In 2007, the 767 received a production boost when UPS and DHL Aviation placed a combined 33 orders for the 767-300F. Renewed freighter interest led Boeing to consider enhanced versions of the 767-200 and 767-300F with increased gross weights, 767-400ER wing extensions, and 777 avionics. Net orders for the 767 declined from 24 in 2008 to just three in 2010. During the same period, operators upgraded aircraft already in service; in 2008, the first 767-300ER retrofitted with blended winglets from Aviation Partners debuted with American Airlines. The manufacturer-sanctioned winglets, at 11 ft in height, improved fuel efficiency by an estimated 6.5 percent. Other carriers including All Nippon Airways and Delta Air Lines also ordered winglet kits.

On February 2, 2011, the 1,000th 767 rolled out, destined for All Nippon Airways. The aircraft was the 91st 767-300ER ordered by the Japanese carrier, and with its completion the 767 became the second wide-body airliner to reach the thousand-unit milestone after the 747. The 1,000th aircraft also marked the last model produced on the original 767 assembly line.
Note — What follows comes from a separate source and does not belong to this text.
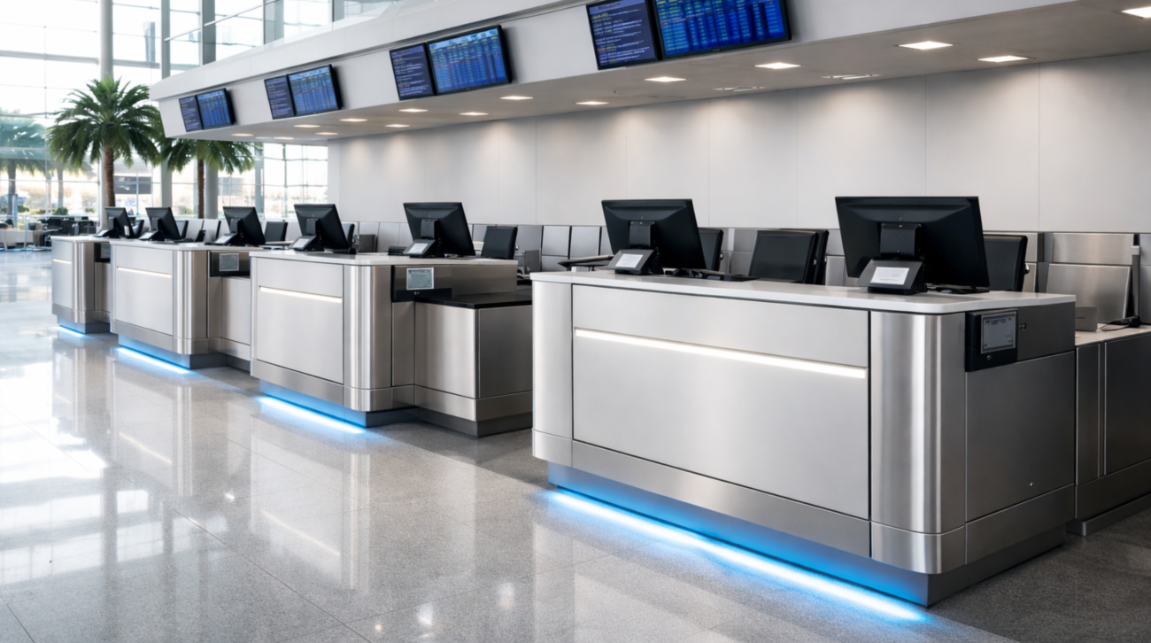 High-end, custom-fabricated metal counters for check-in, immigration, and boarding gates.

Beginning with the 1,001st aircraft, production moved to another area in the Everett factory which occupied about half of the previous floor space. The new assembly line made room for 787 production and aimed to boost manufacturing efficiency by over twenty percent.

At the inauguration of its new assembly line, the 767's order backlog numbered approximately 50, only enough for production to last until 2013. Despite the reduced backlog, Boeing officials expressed optimism that additional orders would be forthcoming. On February 24, 2011, the USAF announced its selection of the KC-767 Advanced Tanker, an upgraded variant of the KC-767, for its KC-X fleet renewal program. The selection followed two rounds of tanker competition between Boeing and Airbus parent EADS, and came eight years after the USAF's original 2003 announcement of its plan to lease KC-767s. The tanker order encompassed 179 aircraft and was expected to sustain 767 production past 2013.
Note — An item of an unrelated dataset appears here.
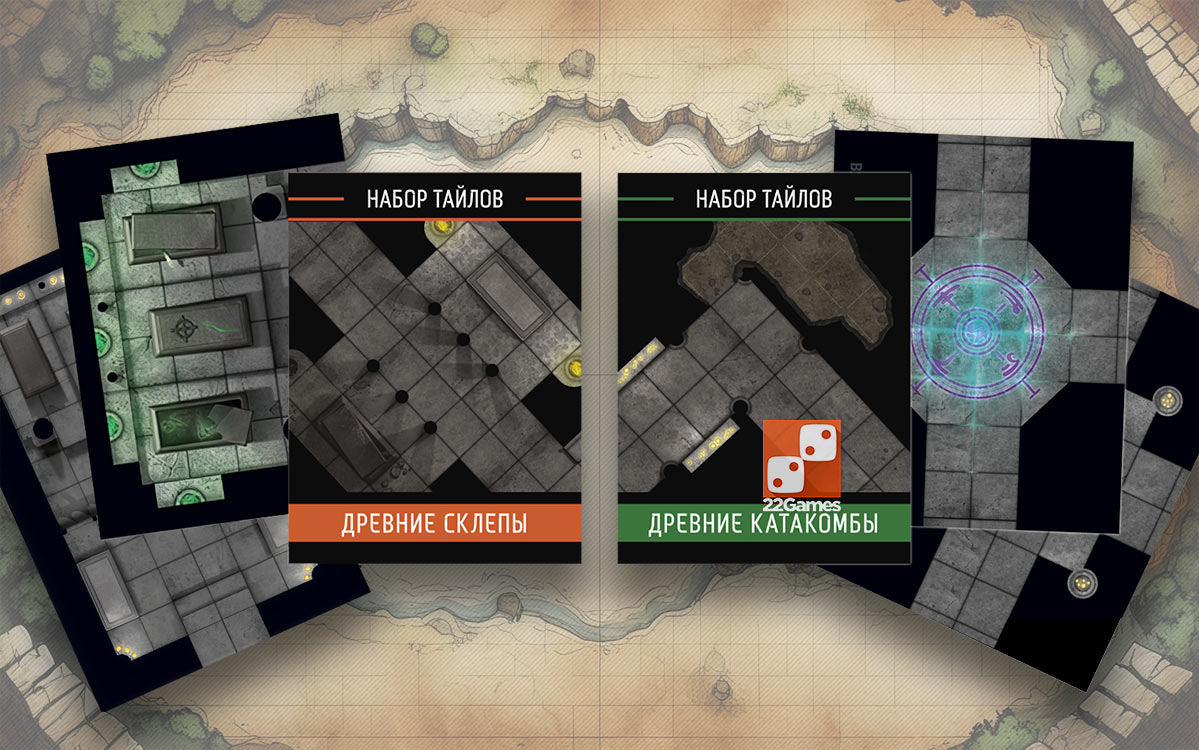 Обратите внимание, стороны «В» некоторых тайлов катакомб не соответствуют сторонам «А». Например, на стороне «В» четырёхстороннего перекрёстка может быть трёхсторонний перекрёсток и наоборот. Или на стороне «В» вертикального прямого коридора может быть горизонтальный прямой коридор. Всего таких тайлов семь. Это нужно, если ведущему понадобится три трёхсторонних перекрёстка вместо двух или больше вертикальных (более длинных) коридоров, чтобы удлинить своё подземелье.

In December 2011, FedEx Express announced a 767-300F order for 27 aircraft to replace its DC-10 freighters, citing the USAF tanker order and Boeing's decision to continue production as contributing factors. FedEx Express agreed to buy 19 more of the −300F variant in June 2012. In June 2015, FedEx said it was accelerating retirements of planes both to reflect demand and to modernize its fleet, recording charges of $276 million (~$ in ). On July 21, 2015, FedEx announced an order for 50 767-300F with options on another 50, the largest order for the type. With the announcement FedEx confirmed that it has firm orders for 106 of the freighters for delivery between 2018 and 2023. In February 2018, UPS announced an order for 4 more 767-300Fs to increase the total on order to 63.

With its successor, the Boeing New Midsize Airplane, that was planned for introduction in 2025 or later, and the 787 being much larger, Boeing could restart a passenger 767-300ER production to bridge the gap. A demand for 50 to 60 aircraft could have to be satisfied. Having to replace its 40 767s, United Airlines requested a price quote for other widebodies. In November 2017, Boeing CEO Dennis Muilenburg cited interest beyond military and freighter uses. However, in early 2018 Boeing Commercial Airplanes VP of marketing Randy Tinseth stated that the company did not intend to resume production of the passenger variant.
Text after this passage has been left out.